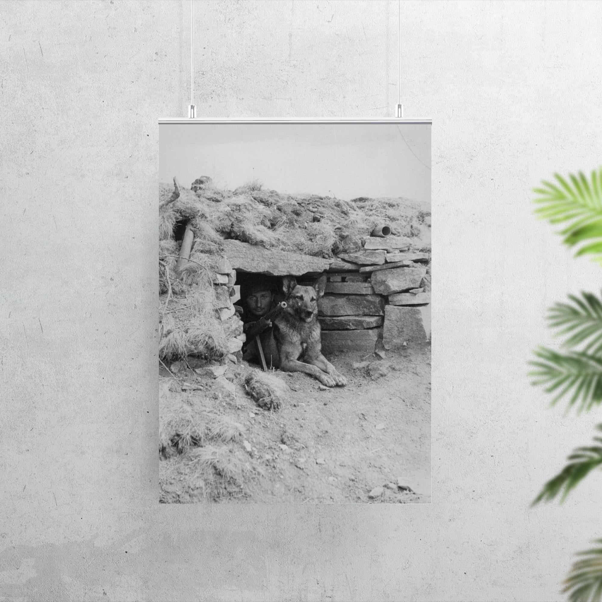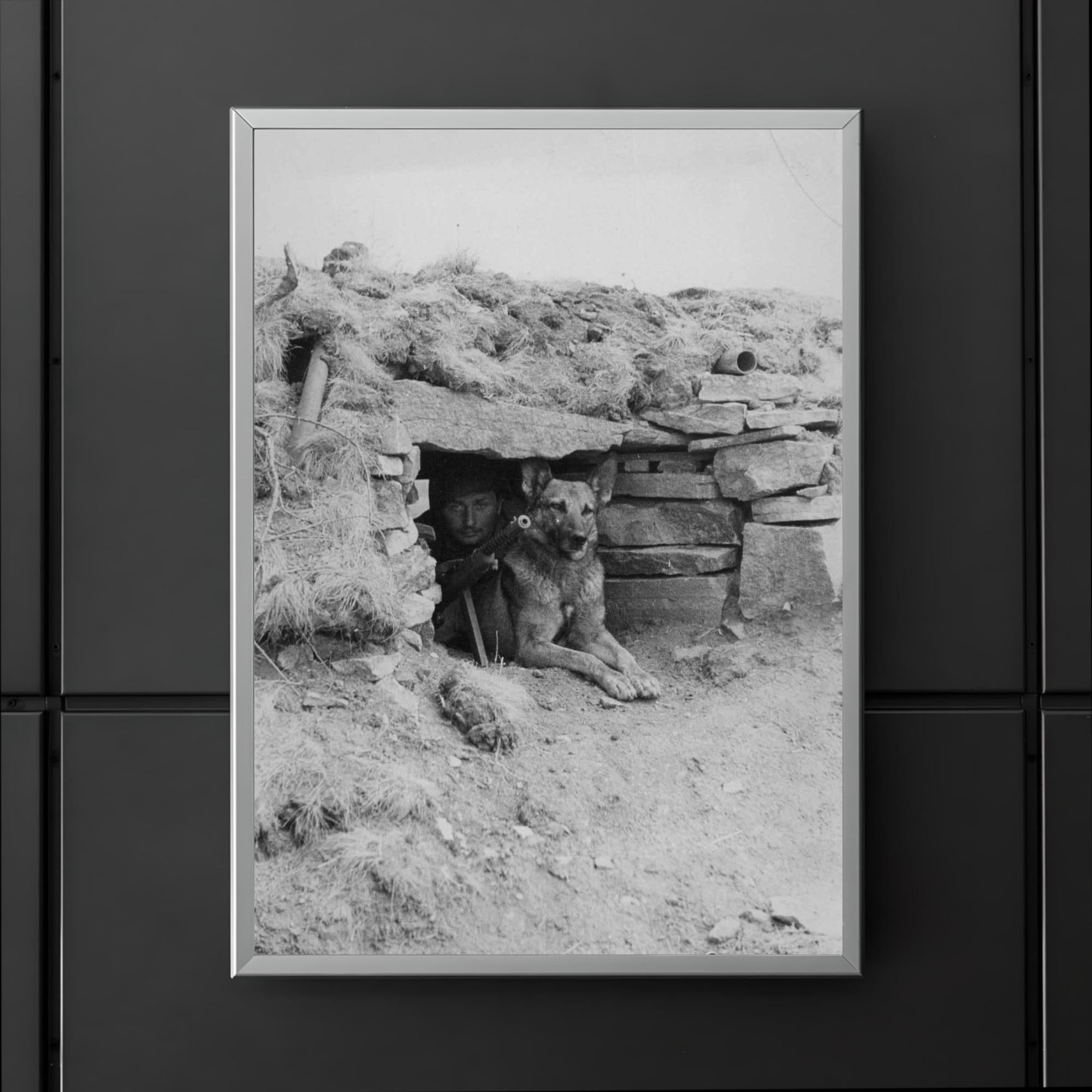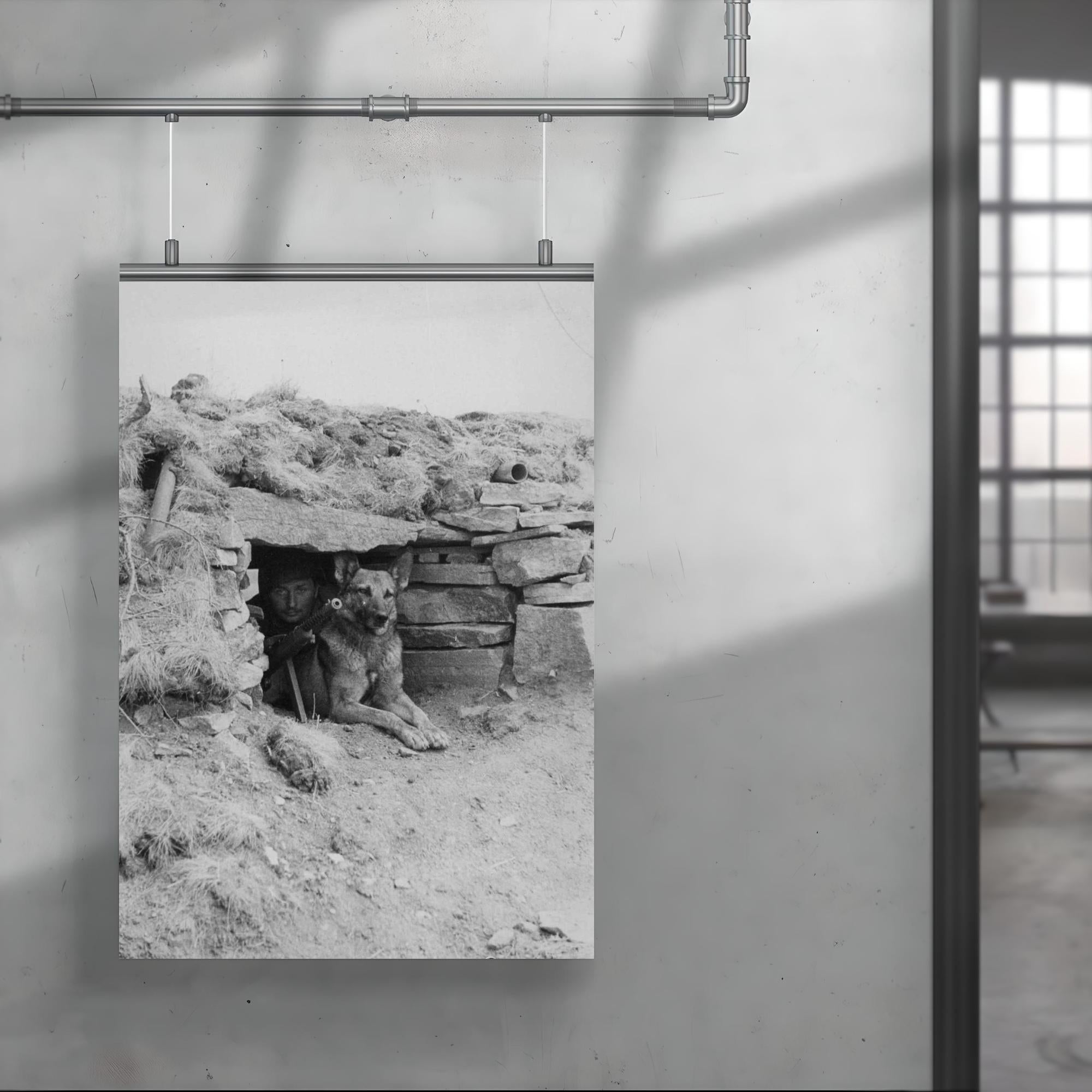 Step back in time with this evocative poster capturing an Italian soldier and his loyal dog at a Ukrainian outpost in 1942. A powerful glimpse into a moment of companionship amid the challenges of war, this striking image invites reflection and remembrance. Perfect for history enthusiasts and collectors alike, it brings a poignant story to your wall with authenticity and depth.
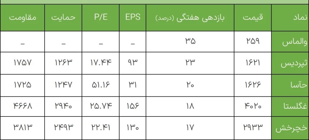 نگاهی به معاملات این هفته بازار حاکی از آن است که والماس با افزایش ۳۵ درصدی، لقب بیشترین بازدهی را سهم خود کرده و به قیمت ۲۵۹ تومان رسیده است.
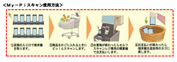 サービス面ではセルフスキャンシステム「My-Pi(マイピ)スキャン」を11月2日(木)から導入する。顧客の利便性向上と店舗業務の効率化を図り、レジ混雑の緩和に努める。
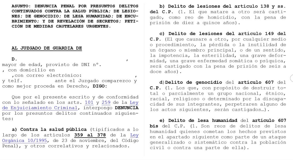 Enlace para la descarga de la denuncia contra las vacunas COVID
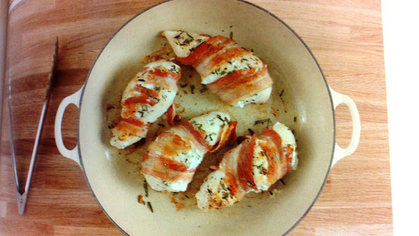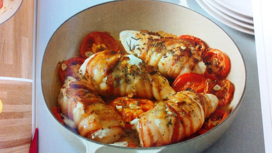 Salpimentamos el pollo y esparcemos la mitad del romero. Envolvemos cada trozo de pollo con 2 lonchas de beicon y las apretamos bien intentando que no queden los extremos sueltos.
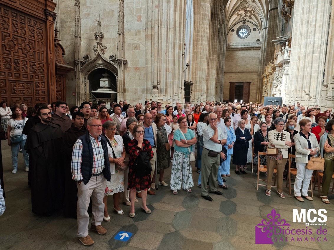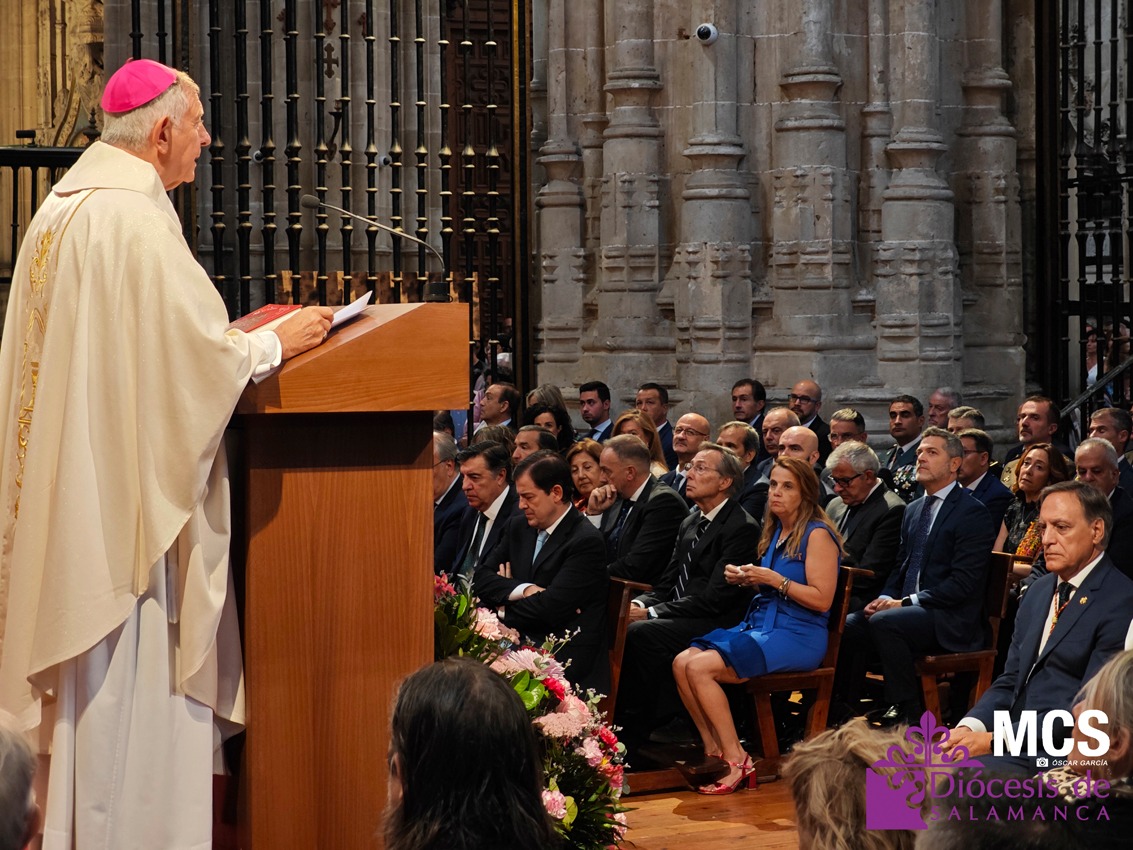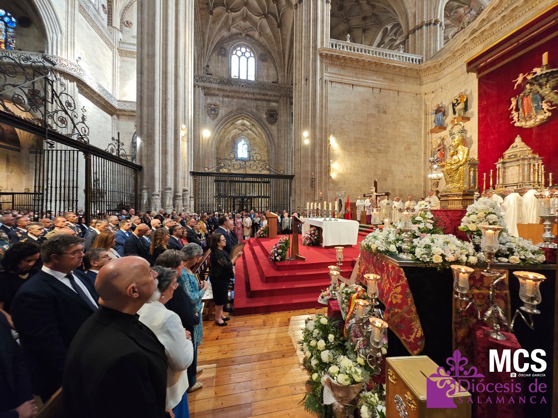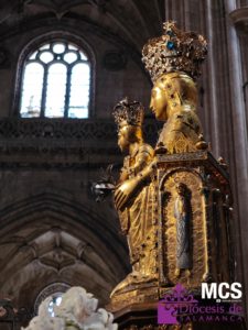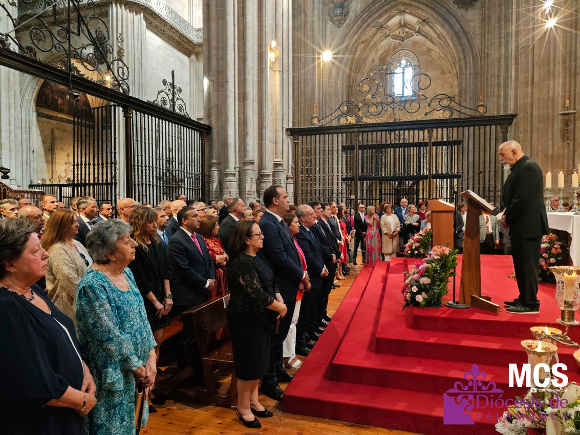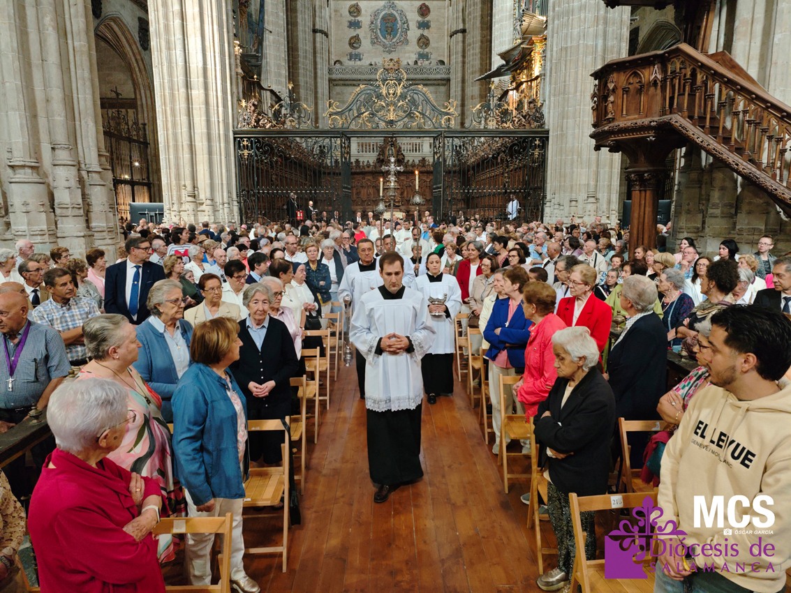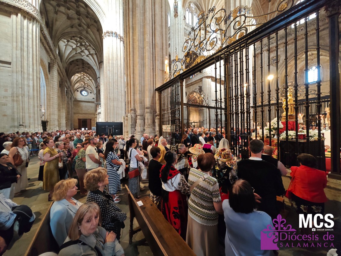 La Catedral Nueva de Salamanca se llenó en la mañana del 8 de septiembre para celebrar la fiesta de la Virgen de la Vega, patrona de la ciudad, en la que numerosos fieles participaron en la eucaristía presidida por el obispo, Mons. José Luis Retana, y concelebrada por sacerdotes diocesanos y religiosos. Junto al altar se colocó la talla de la Virgen, ante la que, al final de la misa, toda la asamblea entonó con emoción su himno. Para facilitar el seguimiento de la celebración, el templo contó con cuatro pantallas. Los prelados eméritos que acompañaron al obispo de Salamanca fueron Mons. Julio Parrilla, que ejerció su ministerio en Ecuador, y Mons. Rutilio del Riego, obispo emérito en Estados Unidos. También estuvieron presentes numerosas autoridades civiles y académicas, entre ellas el alcalde, que realizó la tradicional ofrenda a la patrona en nombre de la ciudad.

• **Exercise details**: The listing above must be repeated exactly, apart from the pictures.

• **Exercise response**:
 Step back in time with this evocative poster capturing an Italian soldier and his loyal dog at a Ukrainian outpost in 1942. A powerful glimpse into a moment of companionship amid the challenges of war, this striking image invites reflection and remembrance. Perfect for history enthusiasts and collectors alike, it brings a poignant story to your wall with authenticity and depth.
 نگاهی به معاملات این هفته بازار حاکی از آن است که والماس با افزایش ۳۵ درصدی، لقب بیشترین بازدهی را سهم خود کرده و به قیمت ۲۵۹ تومان رسیده است.
 サービス面ではセルフスキャンシステム「My-Pi(マイピ)スキャン」を11月2日(木)から導入する。顧客の利便性向上と店舗業務の効率化を図り、レジ混雑の緩和に努める。
 Enlace para la descarga de la denuncia contra las vacunas COVID
 Salpimentamos el pollo y esparcemos la mitad del romero. Envolvemos cada trozo de pollo con 2 lonchas de beicon y las apretamos bien intentando que no queden los extremos sueltos.
 La Catedral Nueva de Salamanca se llenó en la mañana del 8 de septiembre para celebrar la fiesta de la Virgen de la Vega, patrona de la ciudad, en la que numerosos fieles participaron en la eucaristía presidida por el obispo, Mons. José Luis Retana, y concelebrada por sacerdotes diocesanos y religiosos. Junto al altar se colocó la talla de la Virgen, ante la que, al final de la misa, toda la asamblea entonó con emoción su himno. Para facilitar el seguimiento de la celebración, el templo contó con cuatro pantallas. Los prelados eméritos que acompañaron al obispo de Salamanca fueron Mons. Julio Parrilla, que ejerció su ministerio en Ecuador, y Mons. Rutilio del Riego, obispo emérito en Estados Unidos. También estuvieron presentes numerosas autoridades civiles y académicas, entre ellas el alcalde, que realizó la tradicional ofrenda a la patrona en nombre de la ciudad.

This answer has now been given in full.